Figure 6. Efficient recruitment of XPF and SLX4 to ICLs depends on FANCD2

(A) Mock-depleted, FANCD2-depleted (ΔFD2), and FANCD2-depleted NPE complemented with FANCI-FANCD2 (ΔFD2+ID) were analyzed by Western blot using α-FANCD2, α-XPF and α-SLX4 antibodies. (B) Extracts as described in (A), and similarly treated HSS, were used to replicate pICL. Repair intermediates were isolated, digested with AflIII, separated on a sequencing gel and visualized via autoradiography. Based on this lesion bypass assay we infer that the majority of the incisions take place between 60 and 150 minutes in this experiment. (C–E) Samples from parallel pICL replication reaction as in (B) were analyzed by FANCD2 (C), XPF (D) and SLX4(E) ChIP using ICL primers. ChIP data are plotted as the percentage of peak value with the highest value set to 100%. *, background band. See also Figure S7.

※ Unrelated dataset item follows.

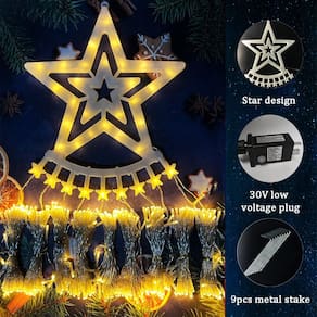 Esta luz de cachoeira de Natal não é apenas adequada para uso interno, mas também para uso externo. As luzes de Natal LED são fáceis de instalar para se adequar a qualquer esquema de decoração, o design exclusivo cria uma atmosfera acolhedora e romântica e pode ser pendurada à vontade, como árvores, janelas, paredes e casas, jardins, Natal, etc., perfeitas para casamentos, festas, decorações de férias. A melhor escolha para decoração de Natal ao ar livre. - [Luzes de Natal magníficas] As luzes de Natal Aokudoni para ambientes externos são cobertas por um pentagrama de 30 cm de diâmetro com 26 LEDs que acendem; abaixo estão 9 feixes com 36 LEDs cada, totalizando 350 LEDs. As luzes LED Star Waterfall têm um comprimento total de 12,6 m de cima para baixo. Você ficará chocado quando acender luzes de Natal de LED tão grandes. E será elogiado pelos vizinhos - [Decorações de Natal para ambientes internos/externos] Estas luzes de LED para árvore de Natal com estrelas são perfeitas para árvores de 2,4 m a 4 m de altura. Comece pendurando a estrela no topo da árvore. Em seguida, cole 9 fileiras de pequenas luzes de estrelas na maior estrela, para que elas fiquem penduradas no chão na forma de uma árvore. Parece colocar um lindo vestido para a árvore - [8 modos de iluminação] As decorações de Natal ao ar livre têm 8 modos de iluminação diferentes: estável, combinação, em ondas, sequencial, slo-glo, perseguição/flash, desbotamento lento e cintilante/flash. Você pode ajustá-lo à vontade de acordo com seus hobbies e cenas, ele sempre se adequará ao seu humor - [Luzes de cachoeira de várias cenas]: Esta grande decoração de Natal LED para ambientes externos pode ser pendurada em beirais, varandas e árvores. Perfeito para decorações de Natal, Ação de Graças, casamentos, Dia dos Namorados e muito mais. Este é o estilo mais clássico, ilumina beirais, árvores, paredes, decks, varandas, árvores de Natal para criar uma atmosfera encantadora. Claro, você também pode usá-lo como uma exibição de iluminação externa de férias, absolutamente atraente - [Presentes de Natal exclusivos e opções de decoração] As luzes de corda de Natal com estrelas podem ser usadas como grandes decorações de árvores ao ar livre, decorações de pátio, iluminação festiva ao ar livre. Surpreenda sua família, amigos, vizinhos com eles como presentes de Natal - [O pacote inclui] 1 luzes LED Star Waterfall; 1 plugue UL; 1 pacote de pontas de aterramento. Bem-vindo aos produtos da Amazon, você receberá o melhor serviço e resposta por e-mail em 24 horas; se você tiver alguma dúvida sobre as luzes de Natal brancas quentes, envie-nos um e-mail gratuitamente
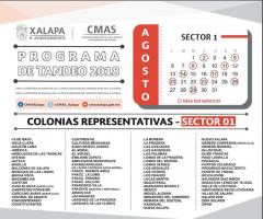 Al respecto, dijo que el calendario de tandeo para agosto en la ciudad se encuentra disponible para consulta y descarga de los usuarios en www.cmasxalapa.gob.mx y en las cuentas oficiales de Twitter y Facebook.

Figure 7. Model for XPF-ERCC1-dependent incision(s) mediated by SLX4 and ubiquitylated FANCI-FANCD2

XPF-ERCC1 is recruited to the ICL by SLX4 and most likely makes the 3′ flap incision. The 5′ flap incision could also be made by XPF-ERCC1, or by a currently unknown endonuclease (yellow). FANCD2 and its ubiquitylation are required for the efficient recruitment of XPF-ERCC1 and SLX4 to the ICL. This could be through a direct interaction, through interaction mediated by an additional protein, or by creating an appropriate DNA structure. After loading at the ICL FANCD2 spreads throughout the surrounding DNA (faded FANCI-FANCD2 complexes).